Мы увидели… ее. Разве девушка, порывисто соскочившая с постели и быстро начавшая приводить себя в порядок, сначала причесав непослушные кудри, а потом натершись какой-то мазью, – разве это не моя спутница, держащая сейчас меня за руку? Нет, наверное, это всё же не она, но очень, очень похожа на нее. Вот она облачилась в некое одеяние, которое мне, за незнанием, трудно как-то точно обозначить (туника? хитон?) и вышла из дома. Там ее уже ожидала повозка, окруженная служанками; кажется, их было не менее десяти. «Медея» взошла на повозку и взяла в руки вожжи и кнут, две служанки последовали за ней и встали – одна слева, а другая справа от грозной и прекрасной возницы, остальные встали позади. Повозка тут же понеслась по улицам города. О, это надо было видеть! Несущаяся во весь опор повозка с управляющей ею «Медеей», бегущие вслед за повозкой девушки, одеяния которых колышутся на ветру, сторонящиеся люди, с удивлением, благоговением и опаской взирающие на повозку-метеор. Это надо было видеть – и мы это видели! У меня поистине захватило дух, а ведь я уже и так немало всего повидал за этот день.

– Что это за прекрасное видение? – спросил я у Медеи, как только мы вновь оказались на поляне.

– Неужели ты не узнал меня? – с улыбкой спросила Медея.

– Узнал. Но я не припомню такого эпизода в «Медее».

– Понятно. Ты читал «Медею» Эврипида, и ты наверняка читал «Мифы древней Греции». А читал ли ты «Аргонавтику» Аполлония Родосского?

– Нет.

– Теперь, можно сказать, что читал – и даже лучше, чем читал. Мы видели эпизод, когда Медея, проведя бессонную ночь, чуть не стоившую ей жизни (она хотела покончить с собой), всё же решилась (вопреки отцу) помочь Ясону и его спутникам. Мы видели момент пробуждения, и как она потом отправилась в храм Гекаты на встречу с Ясоном и со своей роковой судьбой. Её путь к храму – один из моих любимейших эпизодов во всей мировой литературе. А в «Легендах и мифах» этот эпизод описывается всего лишь так: «Позвала Медея рабынь и поехала в храм Гекаты. Радостно было на сердце у Медеи, она забыла все свои тревоги и думала лишь о свидании с Ясоном»[25 - Николай Кун. «Легенды и мифы Древней Греции».]. Какое жалкое описание! Нет, только прочитав Аполлония, ты сможешь увидеть подлинную Медею – со всеми терзающими ее душу страстями. Впрочем, тебе и так повезло ее увидеть.
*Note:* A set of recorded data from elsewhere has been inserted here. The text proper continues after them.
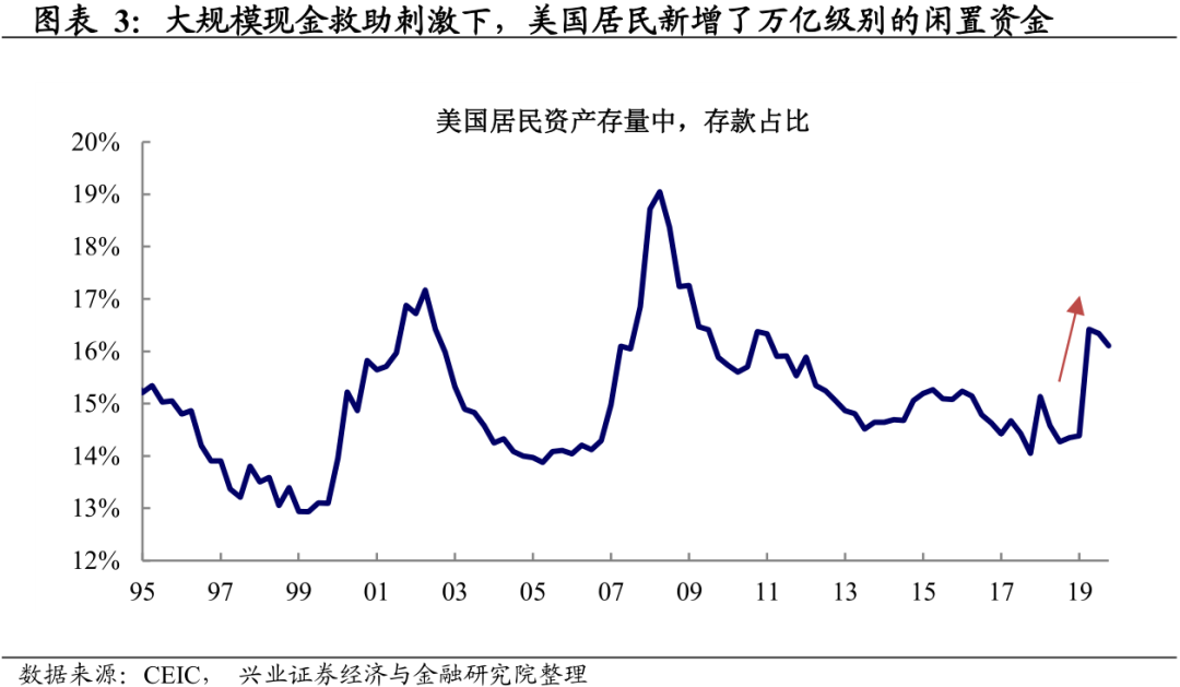 在大规模刺激下,美国居民约拥有1.7-2.2万亿的闲置资金。美国政府不断“发钱”使得2020年美国居民存款占比高于正常水平。据我们估算,美国居民约拥有1.7-2.2万亿的闲置资金,约占美股市值的3%-4%。
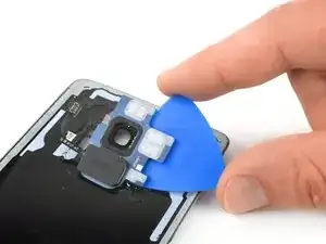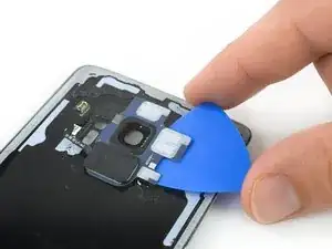 Поверните медиатор вбок, чтобы поддеть рамку задней камеры вместе с датчиком отпечатка пальца.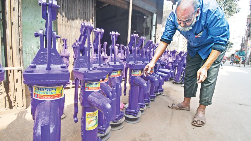 Md Nurul Alam, proprietor of the Messrs Soron Engineering Workshop, said he now produces 800 tube wells per month while he used to make 1,800 units per month two years ago.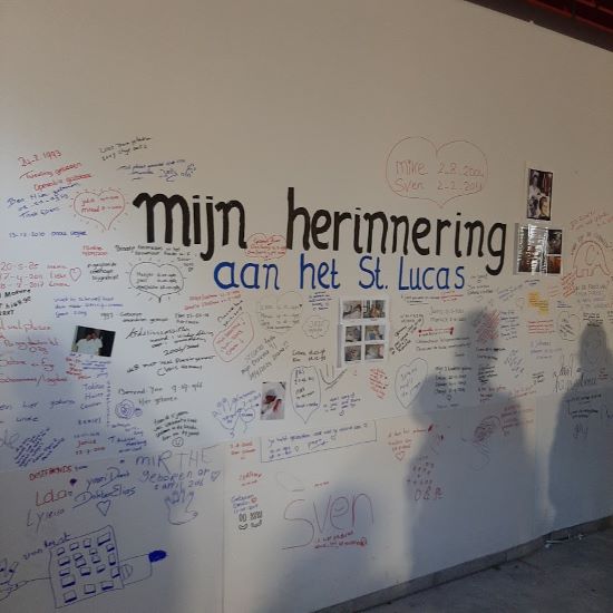 Tijdens de open dag was er in de ontvangsthal de mogelijkheid om iets op deze muur te schrijven of te tekenen.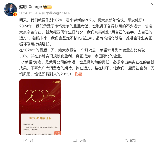 据了解,王元琳此前担任荣耀全球销服渠道部部长,为荣耀拓宽海外市场立下汗马功劳。赵明曾透露,2021年初,荣耀海外市场份额几乎为零。2024年末,赵明表示,“今年12月,荣耀的海外销量占比突破50%,并在多地实现规模化盈利,真正成为一家国际化的企业”,高度肯定王元琳取得的成绩。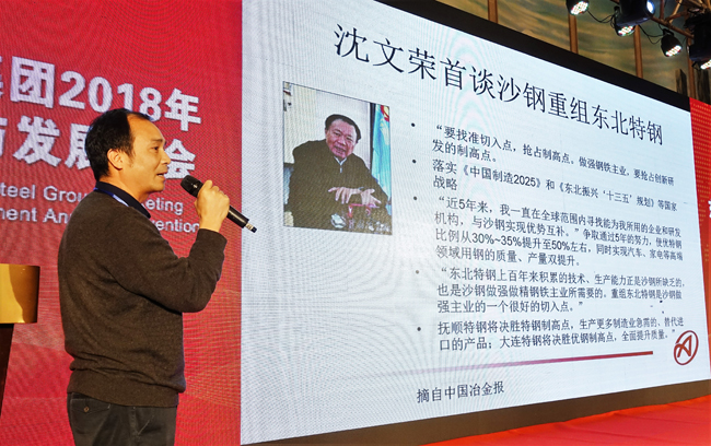 2018年1月24日,混改重組后的東北特鋼集團在大連萬達酒店隆重召開以“新時代新東特新發展”為主題的2018年營銷合作與發展年會。來自國內外290余家重點客戶單位的360余名代表相聚濱城,共商發展。圖為會議上應邀嘉賓作演講。(特約通訊員 劉德斌 攝)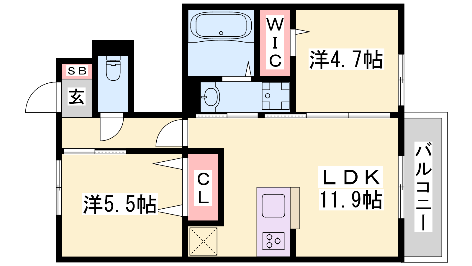 - LDK11.9帖、洋室5.5帖、洋室4.7帖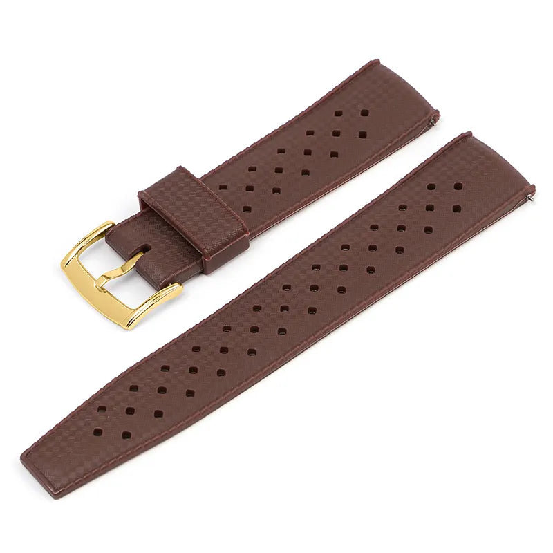 Καφέ λουράκι σιλικόνης 20mm χιλιοστών Diver αδιάβροχο τροπικό στυλ Με Χρυσή Πόρπη Quick Release Durable Long Life

– Мне даже повезло и сейчас стоять рядом с ней.

– А ты, может, действительно считаешь меня воплотившейся Медеей?

– Ну а почему бы и нет? Если уж мы можем видеть воплощенные образы – почему бы, в качестве исключения, мы не могли бы встретиться с ними и воочию?

– Я не собираюсь тебя разубеждать. В жизни не так много чудесного, чтобы торопиться «объяснить» чудо какими-то прозаическими причинами. Хотя чудо – оно и есть чудо, как его ни объясняй. Ладно, на сегодня мы увидели достаточно. Пора возвращаться в реалии.

Я так не думал, но кто хотел знать мое мнение? Мы пошли к лодке и вскоре уже вновь плыли по озеру. На середине я затормозил, причем по собственной инициативе. Солнце, восходившее с утра, теперь заходило. Прекрасное зрелище.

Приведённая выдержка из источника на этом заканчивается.